If the accession is by encroachment by the lessee, and the lessee acquires title thereto by prescription, he must surrender such accession together with the leased land to the lessor at the expiry of the term. The presumption is that the land so encroached upon is added to the tenure and forms part thereof for the benefit of the tenant so long as the lease continues and afterwards for the benefit of the landlord ............................... " 12. In Md. AhmedAmolia v. Nirmal Chandra Roy (AIR 1978 Cal. 312) the Calcutta High Court held as follows: "When a tenant encroaches on land outside his tenancy but belonging to his landlord he cannot acquire absolute title thereto by adverse possession but obtain only that right of tenancy under his landlord.

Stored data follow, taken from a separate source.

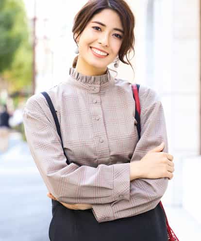 チェック柄フリルネックブラウス[WEB限定サイズ] ベージュ 36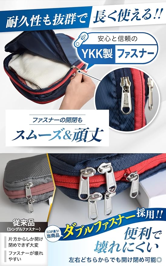 ✅【独自のダブルファスナー】全ての ファスナーにYKK製を採用し、さらに左右どちらからでも開きやすい、ダブルファスナーに改良しました!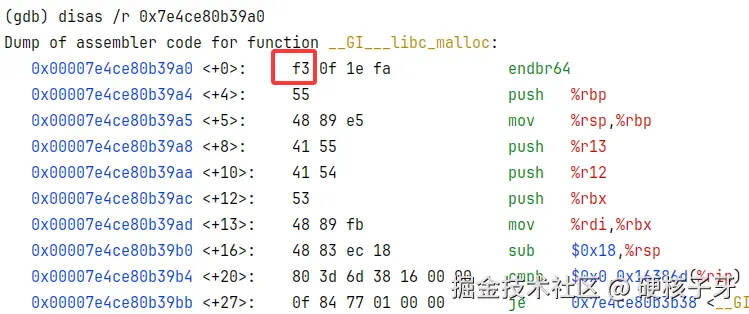 一、运行时Linux内核检测到malloc是监测点,临时插入断点,就是把malloc函数的第一个机器码0xf3改成0xcc,0xcc对应的汇编指令是int3,CPU执行0xcc就会触发3号软中断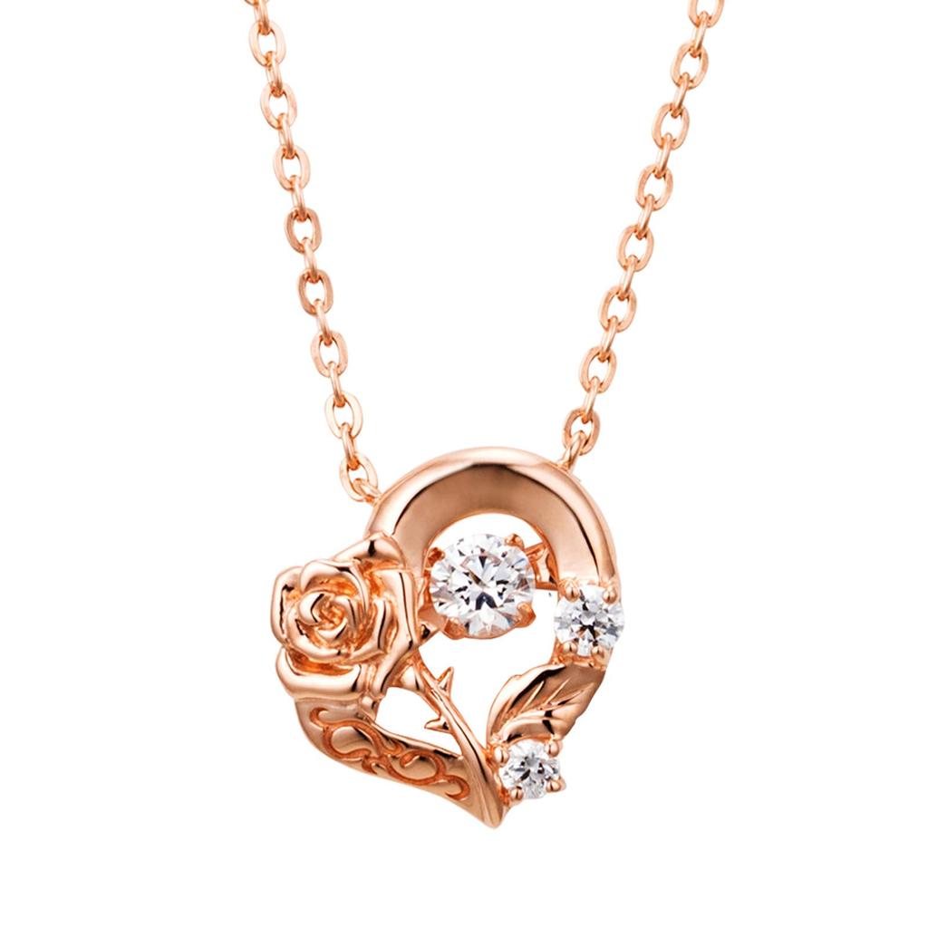 White Clover Beauty and the Beast Dancing Stone Disney Sterling Cubic Pink Necklace, Princess, Silver, Zirconia, Heart, Rose, Gold, DISS008PG, Women's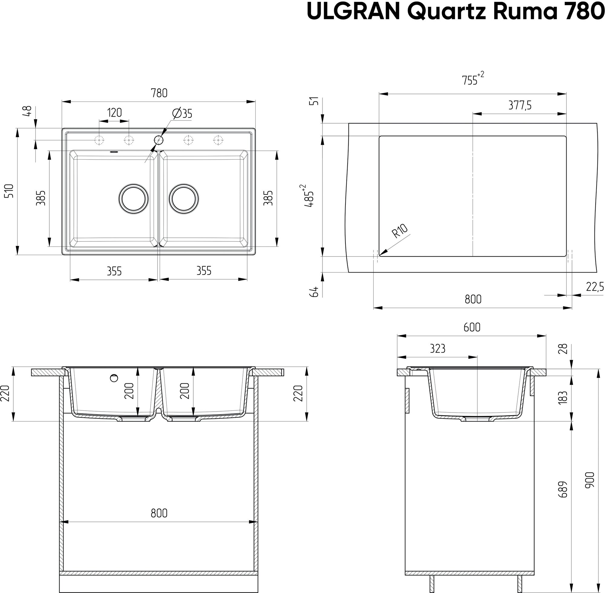Кухонная мойка Ulgran Quartz Ruma 780-07 уголь
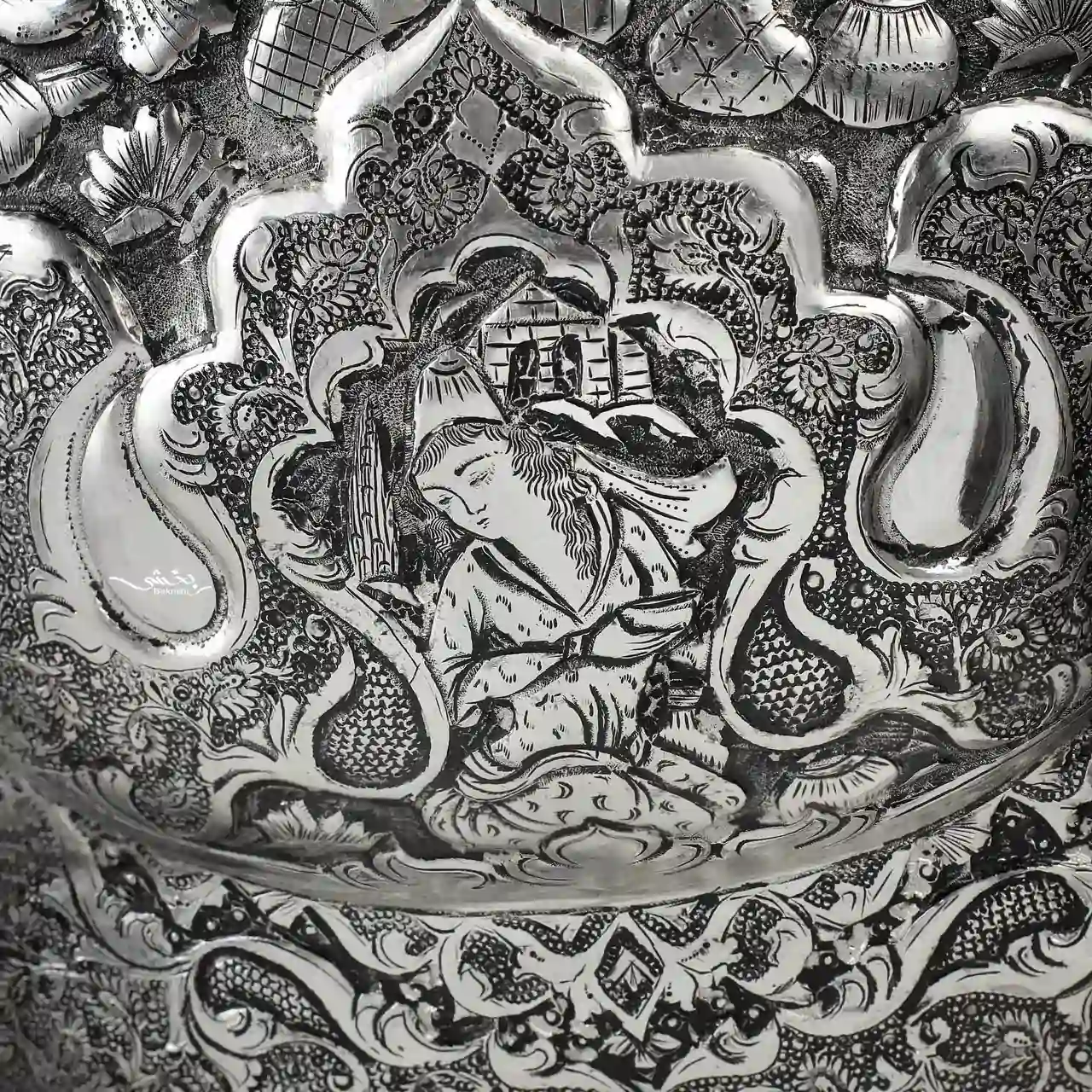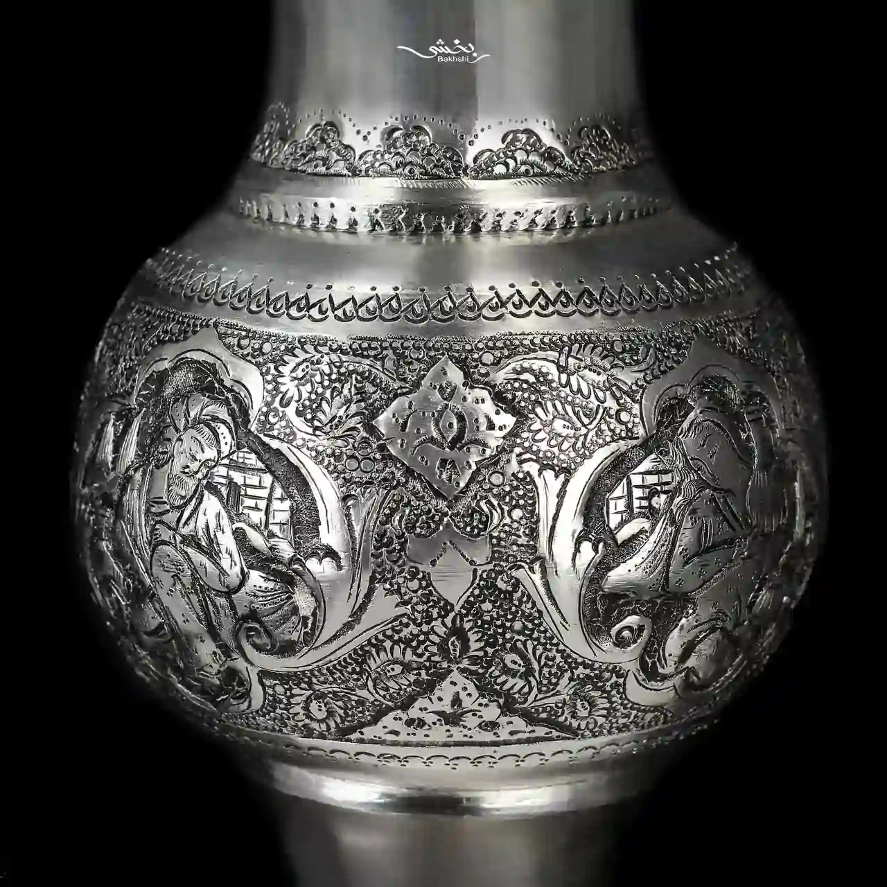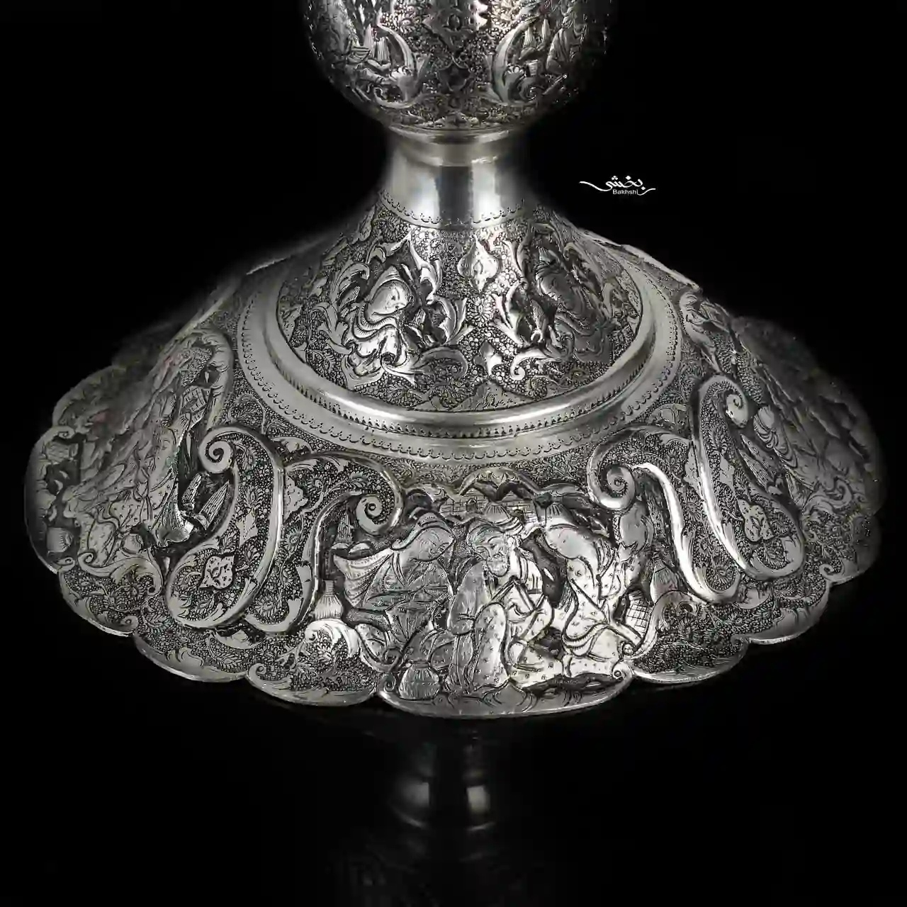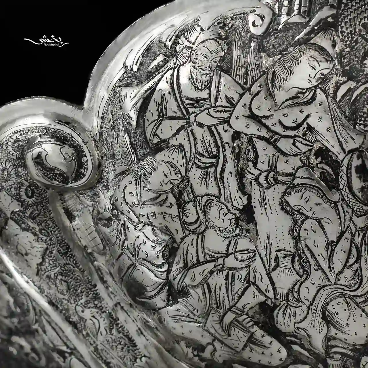 کشکول دسته‌دار نقره قلم مینیاتور – نقره بخشی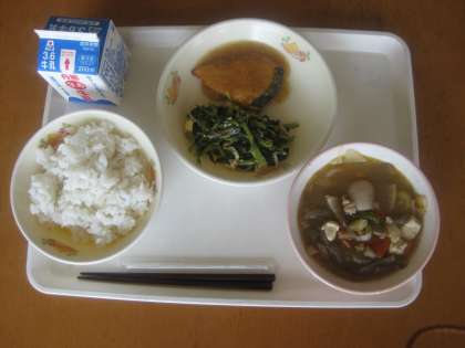 献立 さかなのごまみそかけ はだいこんのじゃこいため けんちんじる 麦ご飯 牛乳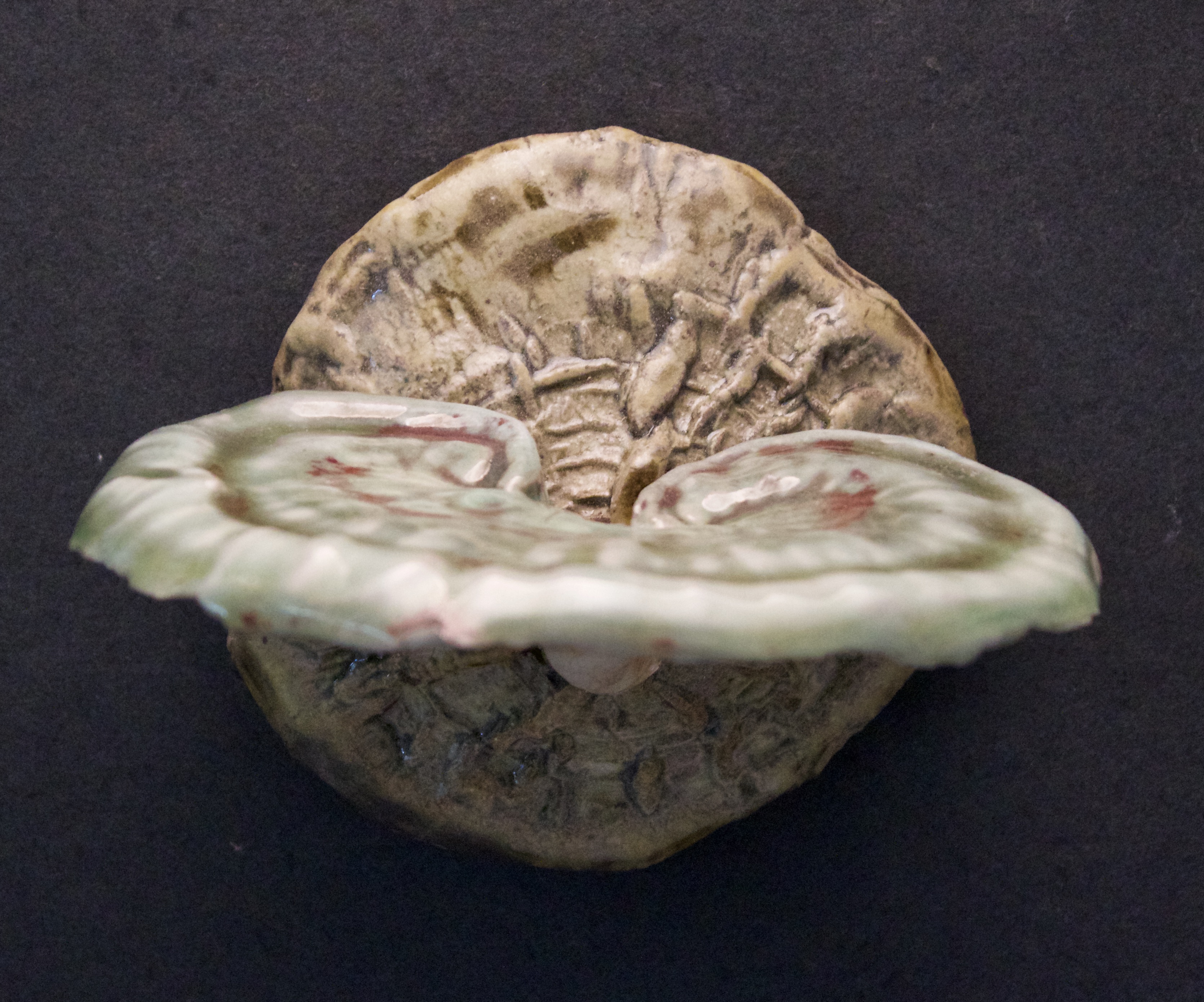 031 emerge #4 Published June 18, 2020 at 3341 × 2780 in 031 emerge #4 4” x 5 ½” x 5” oribe’, red, wood ash glazes, stoneware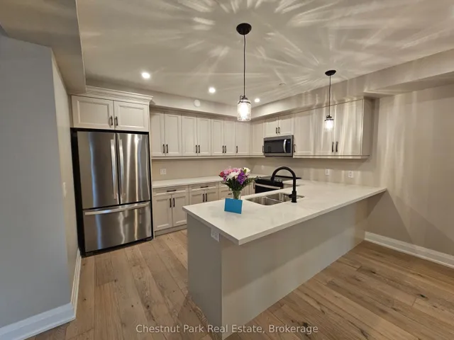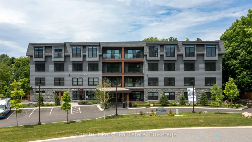 +"PublicRemarks": "Welcome to "the Rebecca" unit 301 and the only one of this plan left in the building! Both bedrooms and living area face directly onto the river, providing you with a gorgeous waterfront view. This luxurious suite welcomes with hardwood floors of your choosing and bright potlights elevating the space. A high-end kitchen with generous storage, quartz countertops, and 5 upgraded stainless appliances will be the heart of this home. Tucked away is the private primary suite with a walk-in closet and ensuite bathroom. Located at Rivers Edge, a new boutique condo building of only 24 units, lovingly located on the Muskoka River and walking trails that bring you to downtown within 15 minutes or an even shorter walk to the beautiful Bracebridge Bay Park. Amenities of Rivers Edge promise an easy and enjoyable lifestyle. Just to list a few, there is underground parking, storage lockers, a main floor fitness room, luxurious party room, screened porch Muskoka room, riverside stone patio, bbqs, garbage chutes on every floor, mail delivery and pick up right in the lobby and a secure front entry door with buzzer system. Boatslips can be purchased as well for a true cottage experience. Everything you want for a life of convenience and well-being in Muskoka. Photos are of the identical suite below. Colour and finish choices still available."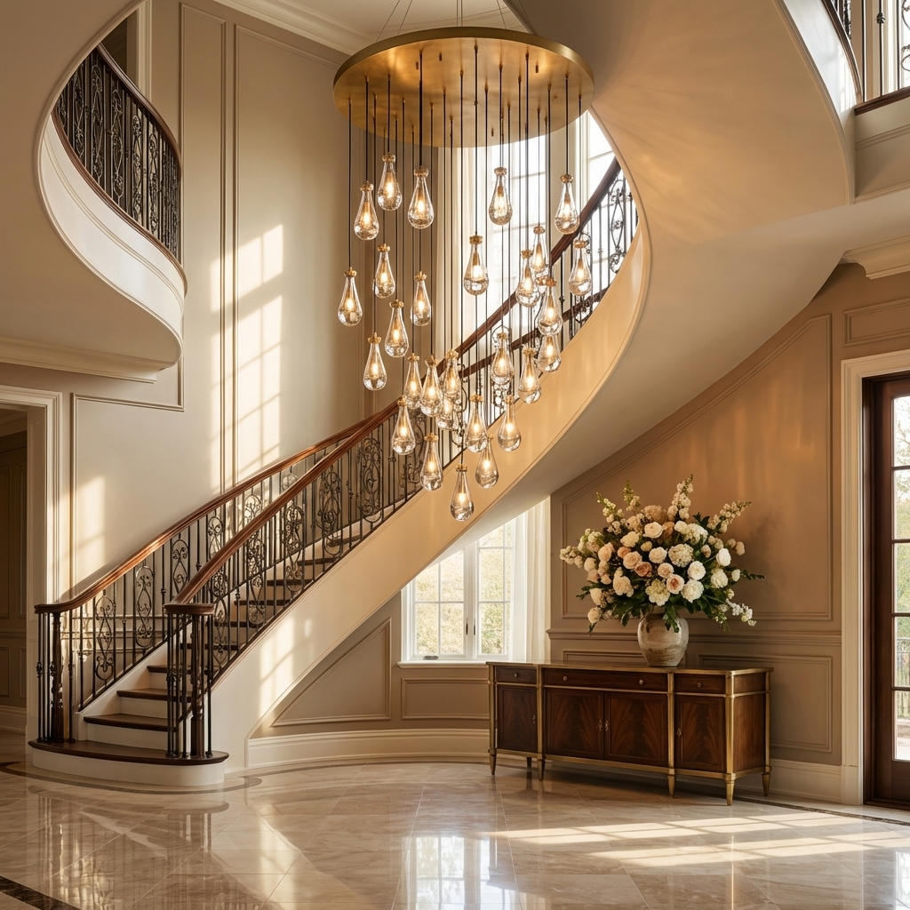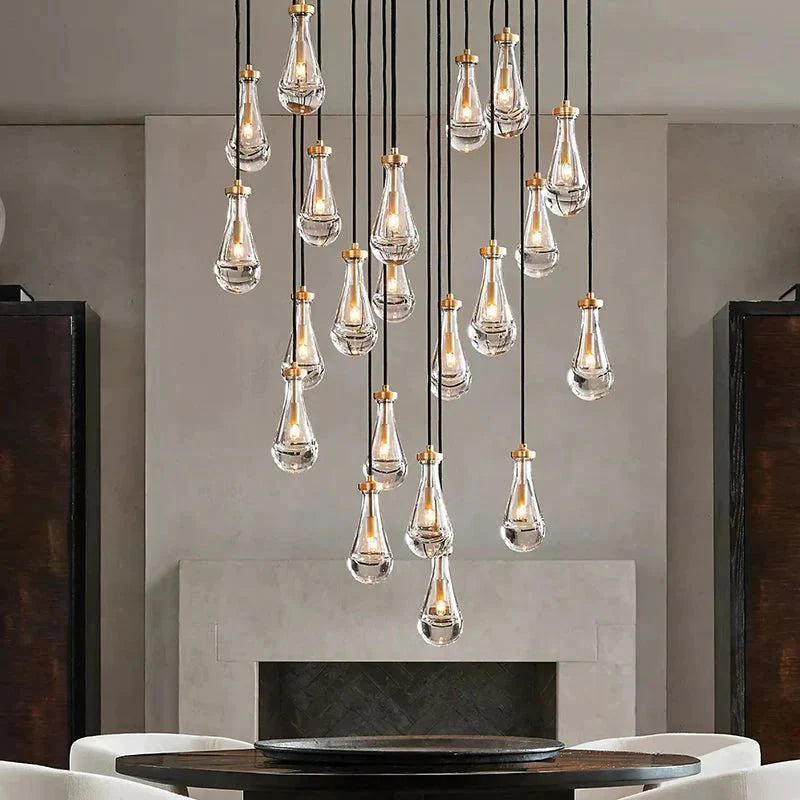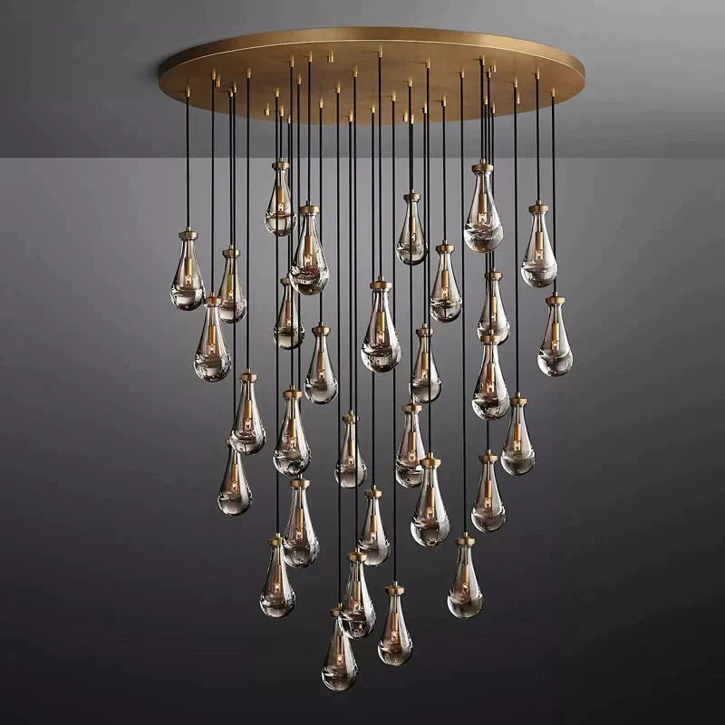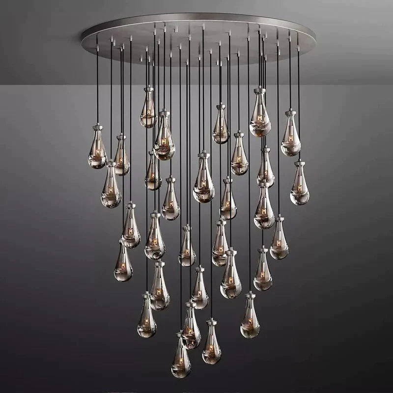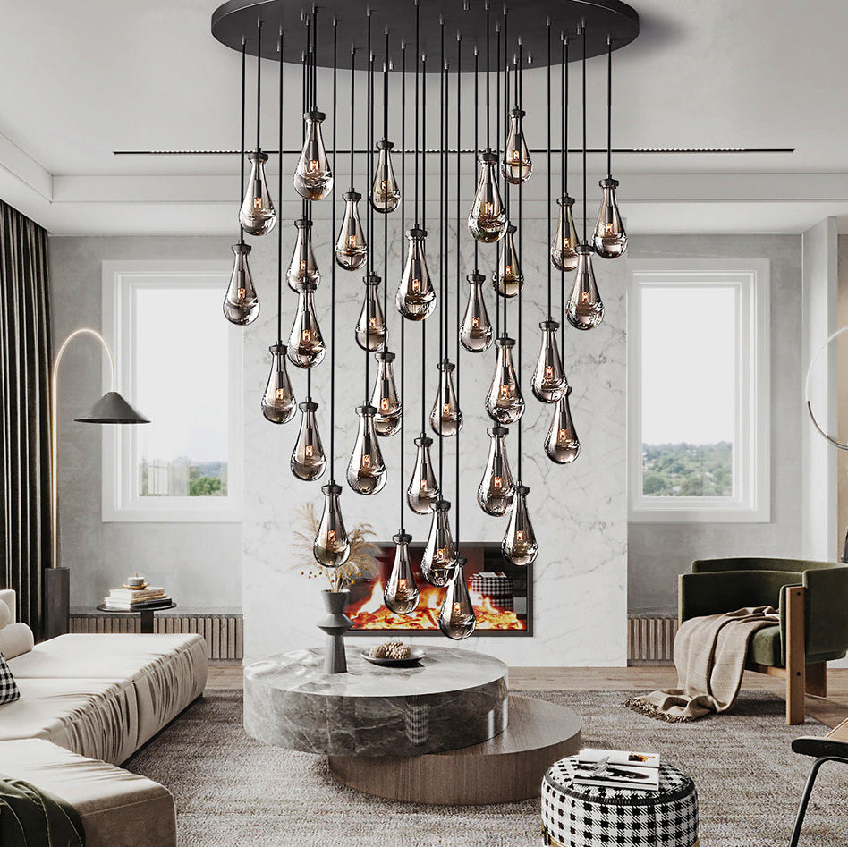 Designed with 31 individual glass drops, the Goccia Round Chandelier 60" offers a striking balance of scale and delicacy. Each teardrop shade wraps the bulb to produce an underwater-like illumination effect, while the round arrangement casts glowing ripples across surrounding walls and ceiling. The adjustable hanging length allows flexibility in composition and installation height, making it suitable for a range of ceiling conditions and room layouts.

It is equally well-settled that if a tenant encroaches on land contiguous to the land of his tenancy but belonging to other landlords, adverse possession by him by such encroachment would not give him an absolute title thereto but only a lease-hold interest in these lands under his own landlords." 13. From the above discussion of the case law on the subject and in the light of the specific provisions contained in S.108(d) of the Transfer of Property Act, it has to be held that even assuming that there is any encroachment made by the tenant extending the tenanted premises, for the purpose of securing the tenanted rooms, the tenant cannot claim any independent title or right over the same and the moment the tenancy is terminated, whatever accession made by him belongs to the landlord. In the result, we find no merit in this appeal. Accordingly, the same is dismissed.